• [BRIEF]
Copy out exactly the lines from the one containing "위에 써둔 내용대로 카드 변경 들어간 후" through the end of the records, and no pictures.

========

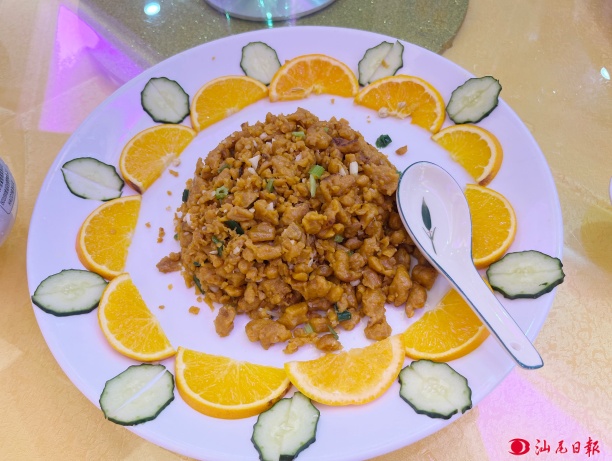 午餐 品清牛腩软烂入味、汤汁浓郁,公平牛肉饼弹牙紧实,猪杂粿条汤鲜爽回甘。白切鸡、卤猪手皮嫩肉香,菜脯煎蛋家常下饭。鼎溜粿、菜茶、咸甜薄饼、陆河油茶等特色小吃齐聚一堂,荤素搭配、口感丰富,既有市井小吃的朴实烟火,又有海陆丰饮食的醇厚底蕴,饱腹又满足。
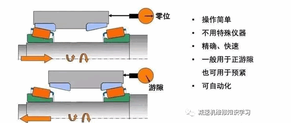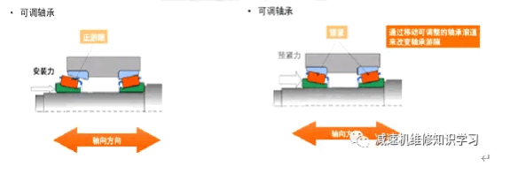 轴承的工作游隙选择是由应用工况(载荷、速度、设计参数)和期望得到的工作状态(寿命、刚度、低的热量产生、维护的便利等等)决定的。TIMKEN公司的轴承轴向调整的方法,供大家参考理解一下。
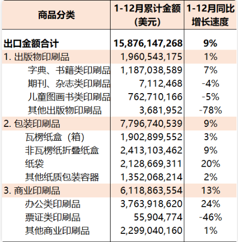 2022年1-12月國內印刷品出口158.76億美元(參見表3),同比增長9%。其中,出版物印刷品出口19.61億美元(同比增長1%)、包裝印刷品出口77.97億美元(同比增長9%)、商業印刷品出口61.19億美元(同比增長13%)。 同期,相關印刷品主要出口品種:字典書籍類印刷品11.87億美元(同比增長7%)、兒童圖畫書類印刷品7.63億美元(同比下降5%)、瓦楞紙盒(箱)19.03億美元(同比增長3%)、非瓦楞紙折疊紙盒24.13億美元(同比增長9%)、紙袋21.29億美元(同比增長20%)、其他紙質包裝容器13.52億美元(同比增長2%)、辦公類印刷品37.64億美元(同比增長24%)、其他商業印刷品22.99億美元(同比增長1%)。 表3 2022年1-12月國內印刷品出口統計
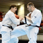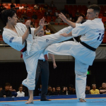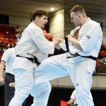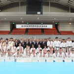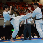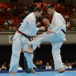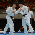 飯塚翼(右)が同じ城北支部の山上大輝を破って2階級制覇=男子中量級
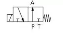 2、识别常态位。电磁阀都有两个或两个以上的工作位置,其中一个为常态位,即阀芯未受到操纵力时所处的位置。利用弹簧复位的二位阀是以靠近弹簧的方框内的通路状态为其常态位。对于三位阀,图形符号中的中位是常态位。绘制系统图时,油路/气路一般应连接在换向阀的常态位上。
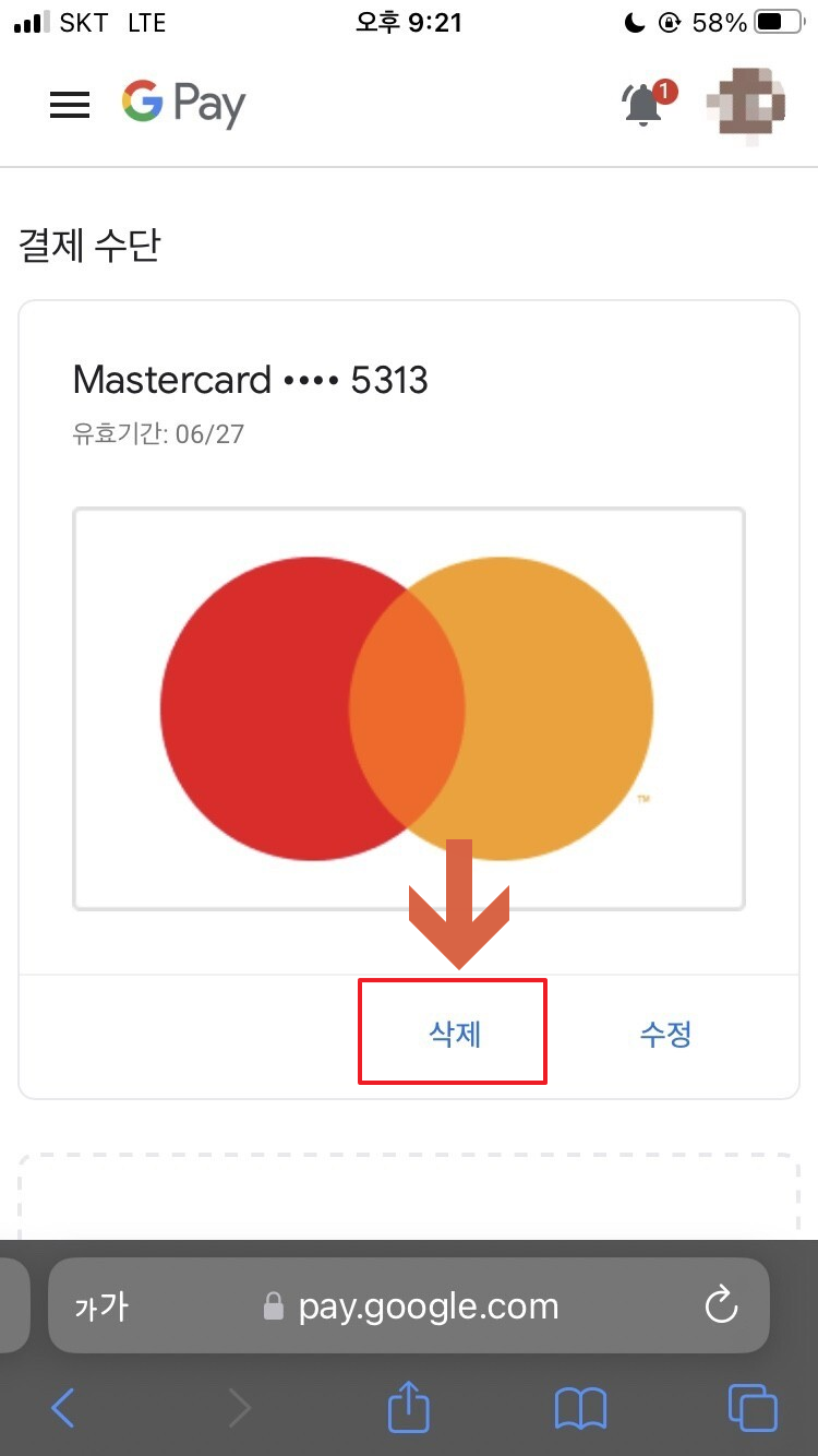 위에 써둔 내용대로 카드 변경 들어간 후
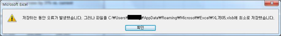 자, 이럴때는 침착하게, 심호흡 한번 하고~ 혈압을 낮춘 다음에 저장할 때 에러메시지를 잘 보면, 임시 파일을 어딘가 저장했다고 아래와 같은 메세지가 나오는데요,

========

• [FINAL ANSWER]
 위에 써둔 내용대로 카드 변경 들어간 후
 자, 이럴때는 침착하게, 심호흡 한번 하고~ 혈압을 낮춘 다음에 저장할 때 에러메시지를 잘 보면, 임시 파일을 어딘가 저장했다고 아래와 같은 메세지가 나오는데요,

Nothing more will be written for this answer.